Hamilton and his cohorts fought to their death over honor, revolutionary ideals. The resulting hatred from the war of independence was deeply rooted.  Although Brazil has rarely fought anything, there is certainly a feeling of polarization.  The divisions are wide ranging between the haves and have nots. They involve race and the lack of most everything starting with basic education.  Brazil’s murder rates and the incidence of violence are comparable to civil war-torn countries; but still, Brazilians invariably portray themselves as optimists even if they are forced to deal with frustration.

Brazilian voters favor politicians who promise them gains from the state in the form of favors. Patrimonialism, paternalism, bureaucracy, state intervention, nationalization and appeal to national pride have all restricted and constrained the development of the market and the free flow of capital and labor.  Only private property holders and the privileged rentiers defend ownership tenaciously.

Brazil’s political and economic elite – both national or international – have always avoided competition and sought monopoly or oligopolistic control.  Owning the state, being embedded in the state or having the state guarantee prerequisites has always been the name of the game.  This is true even among the so-called “forças produtivas” (forces of production).  Sao Paulo’s industrial caste, organized as FIESP, continues to be a protectionist bastion even as it supports street demonstrations with patriotic shirts and plastic ducks against corruption.  Success, achievement and protection and defense of privilege pass through the state.

To work in Brazil, as an employer or as an employee is to partner with the state. Reform is expected to come from the state and in a top down fashion. In Brazil’s brand of crony state capitalism, it is hardly ironic to witness, 74-year-old President Temer, retired in his mid-fifties with a fat pension, to be the current leader of social security reform.   Civil society, in general, resists change but not so much because it is not needed.  Instead, resistance comes from the fear of loss of favors and benefits, no matter how precarious, with no promise of something better coming from above.  The fear, easily played upon, is that reform and a move away from a patrimonial state will only make things worse.  There is a tremendous and understandable dread of market forces and Brazilian society has never accepted a protestant work ethic.  And because the playing field has always been tilted toward the elite, why would it?

Brazil increasingly looks like a premodern mafia-run state where family based businesses and interconnecting oligopolies control the system of rewards and distribution including how parties form and how individuals get elected.  The revelation of the growth and depth of corruption seems to prove this.  However, this is not the whole story and there is hope and some reason for optimism.  Even after tanking for nearly three years, Brazil is still among the world’s top 10 economies.  It has resources, size, complexity, and sophistication.  It remains to be seen if an accord can be reached so to revive and achieve levels of wealth and production of which the country is capable.   To turn the corner and prevail, Brazil needs a constitutional reordering and this is becoming increasingly clear as a result of the current crisis and the more or less orderly and legal way it is working out.  Brazil may and likely will continue to muddle along.  However, it will not follow Venezuela’s path to populist authoritarian dictatorship.  Elections will be held next year and there is increasing consensus of the need for continuing the legal proceedings of the Lava Jato, the ongoing corruption probe started at Petrobras but which now involves virtually all levels of politics and business.  Brazil’s major obstacle is to continue the reforms that are haltingly moving along and to decide that it really wants to be a democratic and capitalist country.  Certainly, in this aspiration, there is room and need for the left and redistributive policy.   But society, as a whole, needs to recognize that the current model of crony state capitalism is broken beyond repair.
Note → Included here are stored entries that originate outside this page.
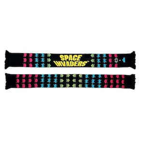 Mostre seu amor por jogos de vídeo retrô com este clássico cachecol Space Invaders. Este cachecol de malha confortável apresenta um fundo preto e design reversível. Um lado exibe o logotipo do Space Invaders, alienígenas e canhão de laser em ação, enquanto o verso mostra linhas de três alienígenas em cascata coloridas diferentes. Acabamento decorativo de franjas, 90% acrílico/10% elastano.
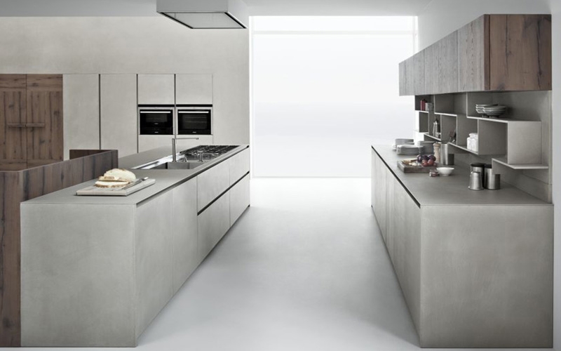 Line K di Zampieri è la cucina formata da due blocchi lineari con i piani e le ante delle basi interamente in resina di cemento corda, un materiale altamente compatto, resistente e dalla straordinaria impermeabilità, realizzato con monocomponenti atossici a base d'acqua e steso manualmente.
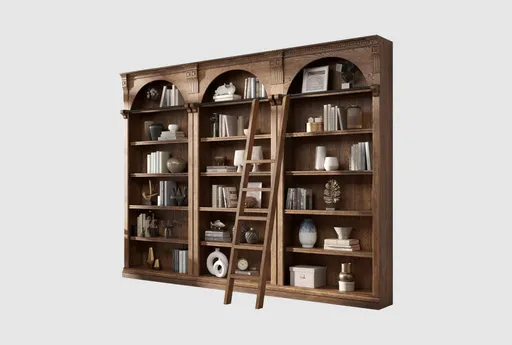 The Burke Brown 94" Set of 3 Traditional Arched Bookcases is the perfect addition to any office or study. With its rich brown finish and natural wood construction, it exudes a timeless charm. The arched design and included wooden ladder add both functionality and a touch of classic style.

The generation born since the Plano Real was implemented (1994) is coming of age and increasingly recognizes, more clearly than their parents and grandparents, that it cannot rely on the state to provide employment and investment.   Idealistic, reform minded and egalitarian, Brazilian youth want to express and showcase their potential, their start-ups and talents. Perhaps, the Hamilton’s author, Lin Manuel Miranda, offers in rap and hip hop an example.  As a youth Miranda migrated from Puerto Rico to New York where with hard work, intelligence, patience and sharpness he created a personal success story with national repercussion.  Brazil, no less than New York, is a land of opportunity.  Although the moment seems to be one of despair where everything is falling apart, now may also be the time for rebuilding and a fresh start of a new generation.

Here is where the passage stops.